Open Source

Qwen3.5-35B-A3B-Uncensored-FernflowerAI-GGUF

A single training bug in two tensors was crippling one of 2024's most advanced open-source AI models.

Deep Dive

A developer known as LuffyTheFox (FernflowerAI) has diagnosed and repaired a critical flaw in the highly anticipated Qwen3.5-35B-A3B-Uncensored model, a sophisticated open-weight AI. The model, known for its uncensored outputs and hybrid architecture combining Mixture of Experts (MoE) with DeltaNet recurrent layers, was suffering from a bizarre failure mode: it would perform well on short prompts but rapidly degrade in longer conversations, producing nonsensical 'philosophizing' and broken code. After two weeks of forensic analysis, the root cause was traced to just two specific tensors in the model's 36th and 37th layers. Due to an anomaly in the AdamW optimization process, these tensors had drifted to a scale approximately 60% higher than normal, catastrophically corrupting the hidden state in the recurrent DeltaNet layers and causing the model to forget context almost immediately.
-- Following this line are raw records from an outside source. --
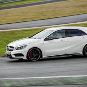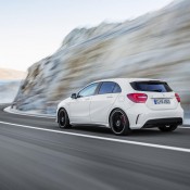 Mated to the AMG SPEEDSHIFT DCT 7-speed sports transmission, and of course AMG’s new 4MATIC all-wheel-drive system, this engine enables the A45 to go from 0 to 100 km/h in 4.6 seconds. Top speed is limited to 250 km/h. It also returns an excellent 40.9 mpg.
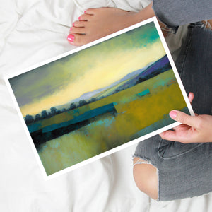 Abstract landscape painting of a peaceful sunrise over rolling hills and open fields with warm yellows, greens, and blues, evoking tranquility and nature’s calm.
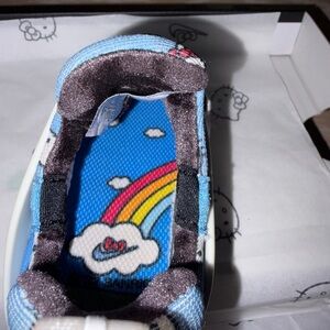 Fun Hello Kitty design on blue sneakers. Comfortable and stylish for kids.
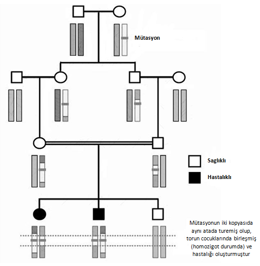 Figür 2: Akraba arasındaki evliliği, akraba olmayanların arasındaki evliliklerden ayıran, aynı mütasyonun iki kopyasının aynı kişide bulusma olasılığının normale nazaran yüksek olmasıdır. Figür 2’de de görüleceği üzere, hastalıklı çocukların buyuk annelerinde oluşan mütasyon torunlarının evlenmesiyle mütasyonun iki kopyasının buluşma olasılığı yükselmiştir (klinik genetikte, böyle aile agaçlarında erkekler kare, kadınlar ise daire ile temsil edilir. Jenerasyonlar ise yukarıdan aşağı doğru ilerler). Iki ebeveynde de aynı mütasyonun bir kopyası olunca, (mütasyonun homozigot durumda olması ve) çocukta hastalık oluşma riski 4’te birdir. Figür: Doktora tezimden)

The fix was surgically precise: scaling only the two errant tensors back to their expected values, leaving the other 489 tensors untouched. This single adjustment resulted in an 88.6% reduction in the model's error rate, transforming its performance. Long conversations now remain coherent, and code generation functions correctly. The developer has released the corrected model weights on HuggingFace alongside an optimized system prompt and chat template that supports tool calling. This incident serves as a critical case study for the AI community, highlighting how subtle training artifacts can cripple even the most advanced model architectures and underscoring the importance of rigorous weight inspection, especially for complex hybrid designs like MoE + recurrent networks.

Key Points
  • A training bug in just 2 of 491 tensors caused an 88.6% error rate in the Qwen3.5-35B-A3B model's long-context performance.
  • The bug was specific to the AdamW optimizer's interaction with rare experts in the final layers of the hybrid MoE + DeltaNet architecture.
  • The surgical fix fully restored the model's capability for coherent long conversations and code generation, unlocking its intended potential.

Why It Matters

This demonstrates how minor training flaws can cripple cutting-edge AI, emphasizing the need for meticulous model validation and open-source debugging.